Abstract:A predicate head is a verbal expression that plays a role as the structural center of a sentence. Identifying predicate heads is critical to understanding a sentence. It plays the leading role in organizing the relevant syntactic elements in a sentence, including subject elements, adverbial elements, etc. For some languages, such as English, word morphologies are valuable for identifying predicate heads. However, Chinese offers no morphological information to indicate words` grammatical roles. A Chinese sentence often contains several verbal expressions; identifying the expression that plays the role of the predicate head is not an easy task. Furthermore, Chinese sentences are inattentive to structure and provide no delimitation between words.
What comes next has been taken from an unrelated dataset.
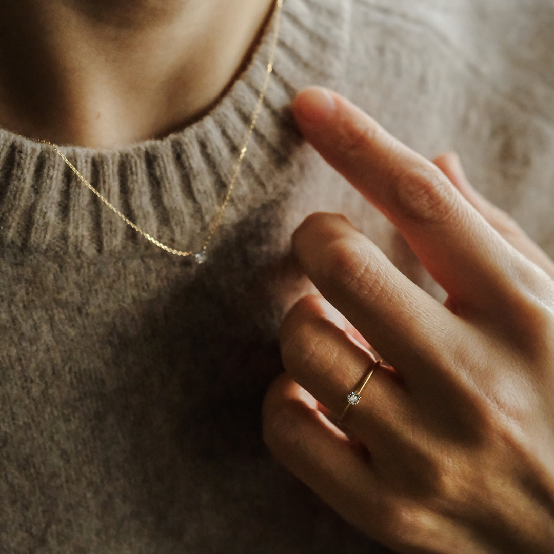 0.14ctのダイヤモンドの白さがいっそう際立つよう、石座にはプラチナを採用。石を覆うように留めることで、透明感のある輝きがすっと引き立ちます。

Therefore, identifying Chinese predicate heads involves significant challenges. In Chinese information extraction, little work has been performed in predicate head recognition. No generally accepted evaluation dataset supports work in this important area. This paper presents the first attempt to develop an annotation guideline for Chinese predicate heads and their relevant syntactic elements. This annotation guideline emphasizes the role of the predicate as the structural center of a sentence. The design of relevant syntactic element annotation also follows this principle. Many considerations are proposed to achieve this goal, e.g., patterns of predicate heads, a flattened annotation structure, and a simpler syntactic unit type. Based on the proposed annotation guideline, more than 1,500 documents were manually annotated. The corpus will be available online for public access. With this guideline and annotated corpus, our goal is to broadly impact and advance the research in the area of Chinese information extraction and to provide the research community with a critical resource that has been lacking for a long time.